Mitigating the effects of climate change is one of the most pressing challenges of our times. Massive efforts have been invested to develop technologies reducing the amount of CO2-emissions emitted by human activity. However, many of the now widely available technologies struggle to reach a widespread adoption, which risks delaying the urgently needed reductions of CO2-emissions.
A better understanding of the psychology behind human decisions and consumer preferences for sustainable technologies may help solve this puzzle. Research from the behavioral sciences has shown that cognitive biases can be important blockades to the effective mitigation of climate change. Cognitive biases, i.e., systematic distortions of judgments that result from a mismatch between the cognitive strategies used by an individual and the specific decision context, can lead to individually and collectively adverse outcomes.
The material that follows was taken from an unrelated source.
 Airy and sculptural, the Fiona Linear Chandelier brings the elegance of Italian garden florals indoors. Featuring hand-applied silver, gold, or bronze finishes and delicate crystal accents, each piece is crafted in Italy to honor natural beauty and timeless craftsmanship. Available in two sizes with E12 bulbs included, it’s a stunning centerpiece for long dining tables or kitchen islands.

Present bias can result in insufficient retirement savings, loss aversion can block investments in energy-efficient technologies. But fortunately, a better understanding of biased decision making can also point to solutions: When cognitive biases can be effectively addressed, this can counter or even eliminate their adverse effects. In the present research, we tested this approach in the context of consumer preferences for electric vehicles.
Despite their potential to drastically reduce mobility-related CO2-emissions, many people remain skeptical about battery-electric vehicles. Their shorter driving range often raises concerns to run out of battery in the middle of a trip. This range concern reduces consumers’ willingness to adopt electric vehicles. But is it justified?
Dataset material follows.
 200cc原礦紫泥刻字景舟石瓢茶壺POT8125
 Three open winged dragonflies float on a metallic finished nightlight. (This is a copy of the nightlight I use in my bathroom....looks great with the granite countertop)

Research across many countries has shown that currently available battery ranges can cover the daily driving needs of the vast majority of drivers. This suggests that drivers tend to systematically underestimate the compatibility of available battery ranges with their driving needs – their perception seems to be biased.
To investigate this possibility, we collected data from two representative car owner samples from the United States and Germany. For each car owner, we estimated actual driving needs based on detailed self-reported mobility data and determined the percentage of individual trips that could be covered with various battery ranges. We then compared this objective compatibility with car owners’ subjective estimations of battery range compatibility.
The discrepancy between these two estimations was considerable: On average, US and German car owners underestimated the objective compatibility of electric vehicles by about 30%. Crucially, this bias related to preferences for electric vehicles: The larger the bias, the lower were car owners’ intentions to buy an electric vehicle and the higher was their demand of large (i.e., oversized) batteries.
Our findings confirmed previous research pointing to battery range perceptions as an important psychological barrier to the adoption of electric vehicles. But on top of that, it suggested a potential solution: countering the biased perception of compatibility. In the second part of our research, we designed a behavioral intervention targeting the compatibility bias with the aim of reducing range concern and increasing preferences for electric vehicles.
We conducted two online experiments with car owners in the United States and Germany. We again estimated the objective compatibility of different battery ranges with car owners’ individual driving needs. Car owners then reported how much they would be willing to pay for a number of electric vehicles with varying battery ranges, and indicated their concern to run out of battery with a given vehicle.
Importantly, we experimentally varied how battery range information was presented to different groups of car owners: In the control group, car owners were only provided with the battery range of electric vehicles – the status quo on the car market. In the intervention group, car owners saw the same battery range information, but in addition to that, information about the compatibility of a given battery range with their individual driving needs. For example, for a specific car owner we provided the information that more than 90 % of their individual annual car trips could be covered with a battery range of 120 miles. This compatibility information drastically reduced car owners’ range concern and increased their willingness to pay.
This means that providing compatibility information may usefully complement conventional strategies of promoting electric vehicles by increasing battery range, the density of charging infrastructure, or by providing purchase subsidies. Such a behavioral intervention could be implemented on a large scale and at low costs, providing a novel approach to limiting the demand for oversized, resource-intensive batteries.
We moreover observed a more pronounced effect of the compatibility intervention for car owners with higher current mobility costs, for whom an electric vehicle would yield higher financial benefits. This alleviates concerns about distributional effects of behavioral interventions, as the compatibility intervention did not “push” low-income households to exceed their mobility budget but incentivized those who would benefit most from buying an electric vehicle. Accounting for the heterogeneity in intervention effects allows to more precisely target behavioral interventions, increasing their positive impact and avoiding unwanted side-effects.
Overall, our work contributes to a growing field of research demonstrating the importance of cognitive blockades and knowledge gaps to the adoption of low-carbon behaviors. Identifying and correcting cognitive biases in individuals’ judgements and decisions will be crucial to a successful climate mitigation. Otherwise even highly environmentally motivated individuals may struggle to identify the most appropriate and useful behavior to effectively reduce their carbon footprint.